• Exercise: Starting at the line that contains "Посажены фруктовые деревья" and stopping at the line that contains "Dzięki formule zawierającej", transcribe every line of the material below exactly; pictures stay out.

• Source material:

**********

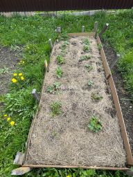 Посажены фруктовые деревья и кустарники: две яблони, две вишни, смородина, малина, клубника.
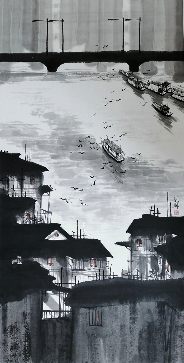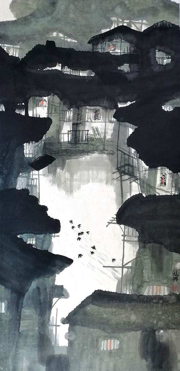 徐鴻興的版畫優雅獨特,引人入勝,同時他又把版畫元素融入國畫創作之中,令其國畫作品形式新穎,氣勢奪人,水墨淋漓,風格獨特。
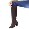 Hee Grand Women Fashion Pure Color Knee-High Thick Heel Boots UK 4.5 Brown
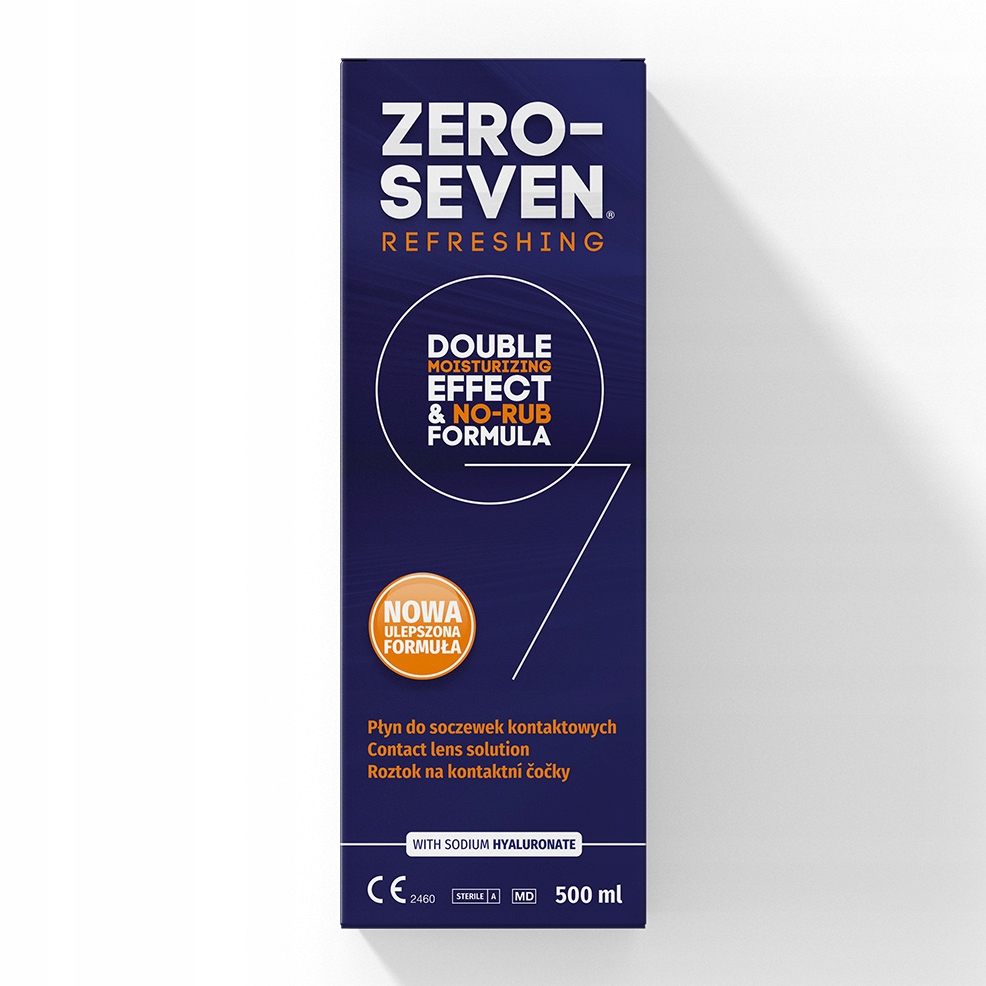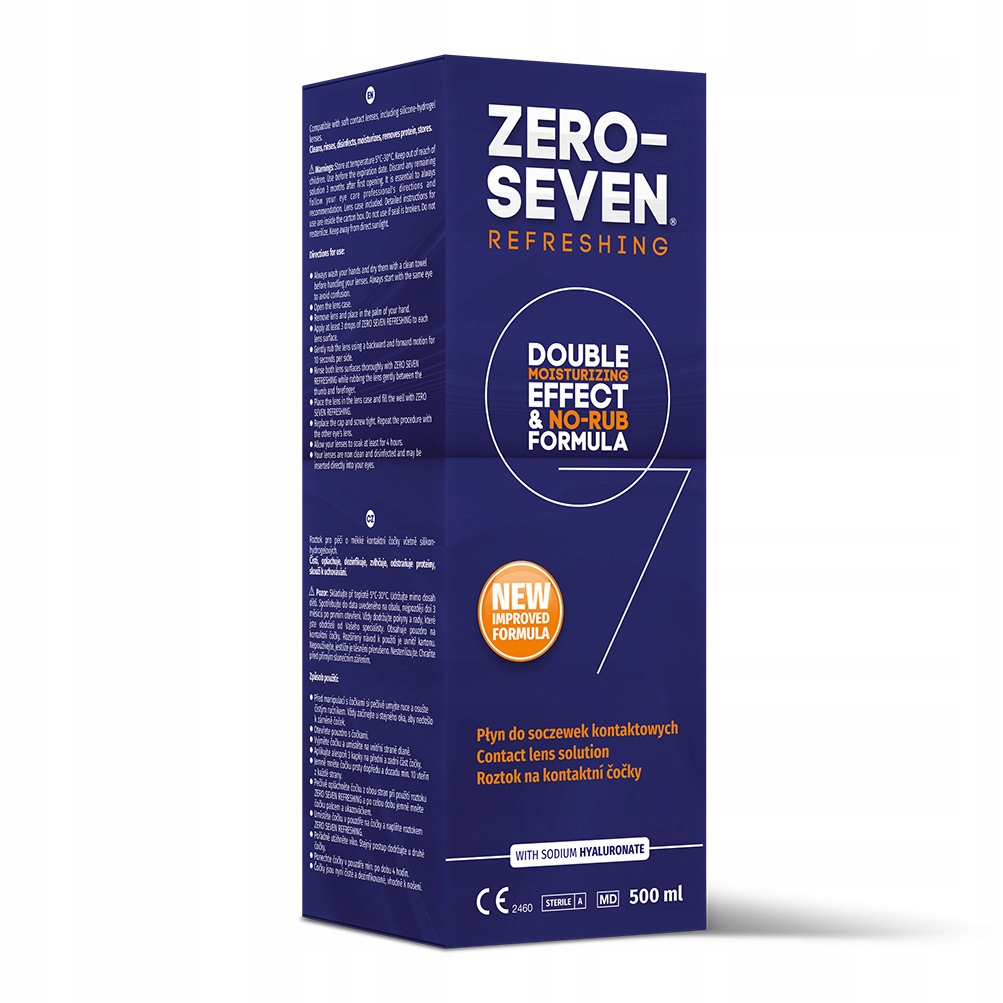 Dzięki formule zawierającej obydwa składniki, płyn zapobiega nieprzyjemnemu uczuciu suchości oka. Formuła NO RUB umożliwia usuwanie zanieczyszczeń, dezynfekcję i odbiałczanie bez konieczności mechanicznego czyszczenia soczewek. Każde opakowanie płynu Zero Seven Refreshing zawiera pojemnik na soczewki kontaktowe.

**********

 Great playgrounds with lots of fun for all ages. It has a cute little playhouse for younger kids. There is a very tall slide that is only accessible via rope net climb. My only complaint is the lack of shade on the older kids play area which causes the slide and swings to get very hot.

**********

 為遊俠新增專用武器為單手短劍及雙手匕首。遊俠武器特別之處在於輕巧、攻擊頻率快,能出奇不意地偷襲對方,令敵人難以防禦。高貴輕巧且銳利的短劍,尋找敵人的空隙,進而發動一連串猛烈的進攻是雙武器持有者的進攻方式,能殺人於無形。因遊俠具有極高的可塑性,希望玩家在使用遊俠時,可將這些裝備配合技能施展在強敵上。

**********

• Result below:
 Посажены фруктовые деревья и кустарники: две яблони, две вишни, смородина, малина, клубника.
 徐鴻興的版畫優雅獨特,引人入勝,同時他又把版畫元素融入國畫創作之中,令其國畫作品形式新穎,氣勢奪人,水墨淋漓,風格獨特。
 Hee Grand Women Fashion Pure Color Knee-High Thick Heel Boots UK 4.5 Brown
 Dzięki formule zawierającej obydwa składniki, płyn zapobiega nieprzyjemnemu uczuciu suchości oka. Formuła NO RUB umożliwia usuwanie zanieczyszczeń, dezynfekcję i odbiałczanie bez konieczności mechanicznego czyszczenia soczewek. Każde opakowanie płynu Zero Seven Refreshing zawiera pojemnik na soczewki kontaktowe.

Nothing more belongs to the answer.